Jim - lost previous thread. You used that formulation for beam deflection in relation to beam
*stress*...For a "simple beam" (like a plank bridging two points)
deflection = sigma.L^2 / 6.E.H
sigma = stress L = beam length between the two supports E = elastic modulus; Young's modulus H = the height of a *symmetrical* section (this only works for symmetrical sections)
How did you know of this formulation? Did you derive it yourself? Or is it known in engineering?
Broader explanation for a general audience:
The deflection vs. *stress* formulation enables you to estimate if a beam you find is bearing an acceptable load.
With the deflection vs *force* formation you need much more information
deflection = F.L^3 / 48.E.I I is the second moment of area and you need every linear dimension of beam's cross-sectional shape to calculate it.

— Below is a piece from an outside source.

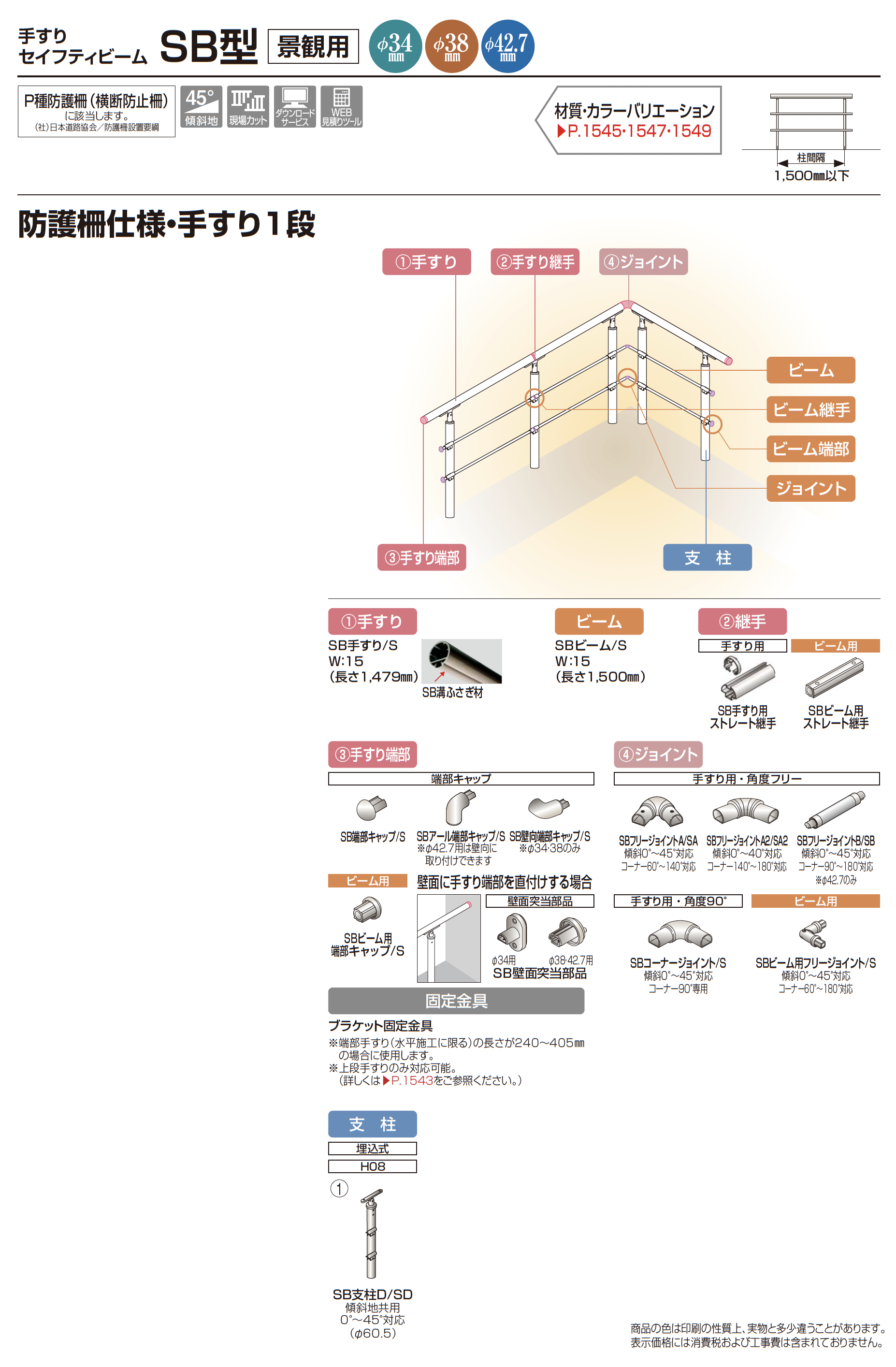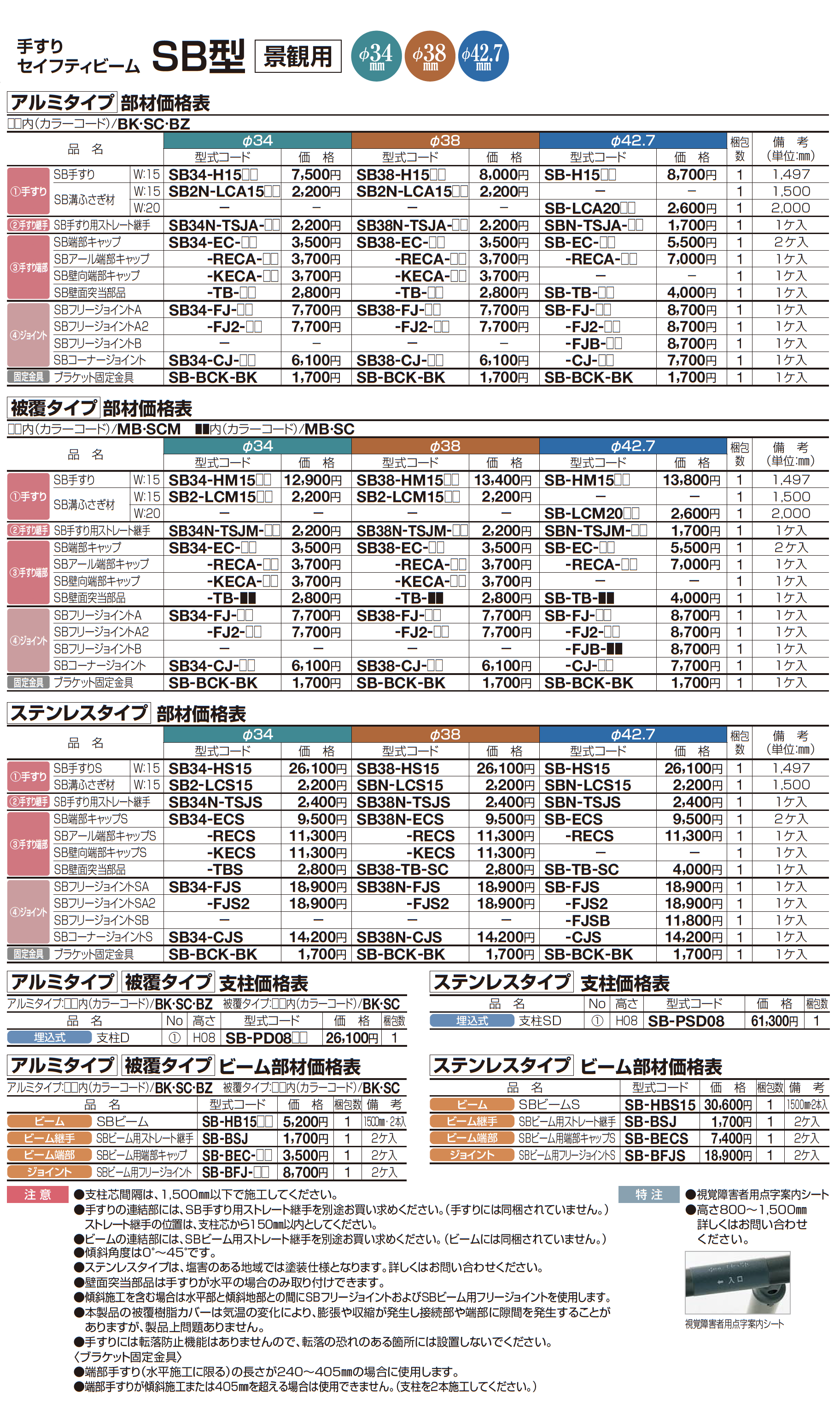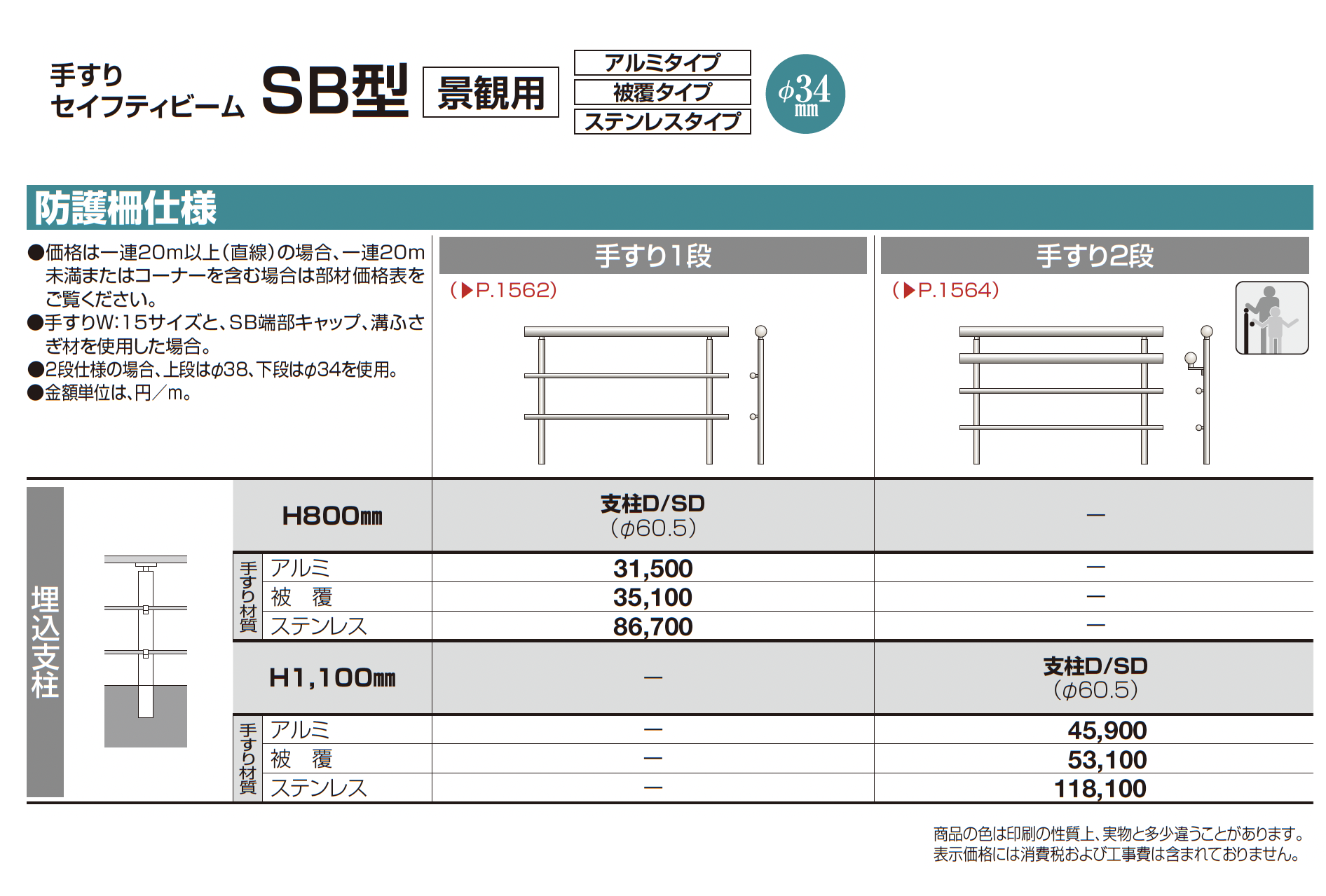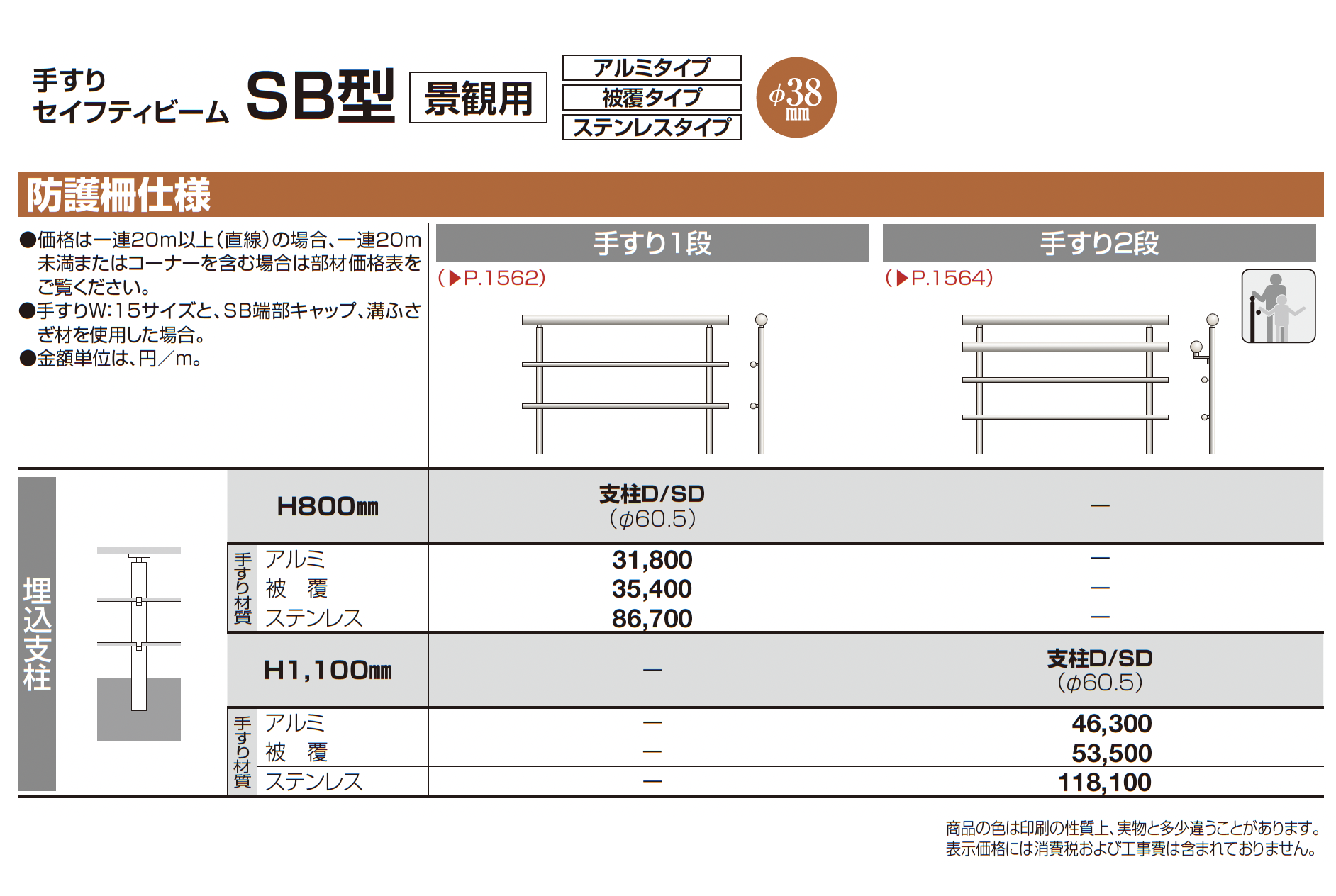 手すり セイフティビーム SB型 (アルミ・被覆・ステンレスタイプ)防護柵仕様・手すり1段【2024年版】(エクステリア総合カタログ 2024年度版)

Then how would you know what the force is?
With the *stress* formulation you can take a reasonable guess at what the beam's yield stress is - any I-beam not otherwise marked a reasonable guess is 275MPa, and for any Rectangular Hollow Section (including Square Hollow Section) you can reasonably guess at 355MPa.
You can rearrange deflection = sigma.L^2 / 6.E.H to isolate "sigma" the stress, and given you know can easily measure with a tape-measure and rule the beam's length, height and deflection, and E is always around 210GPa for steel, you can get the stress. Then evaluate - is that acceptable?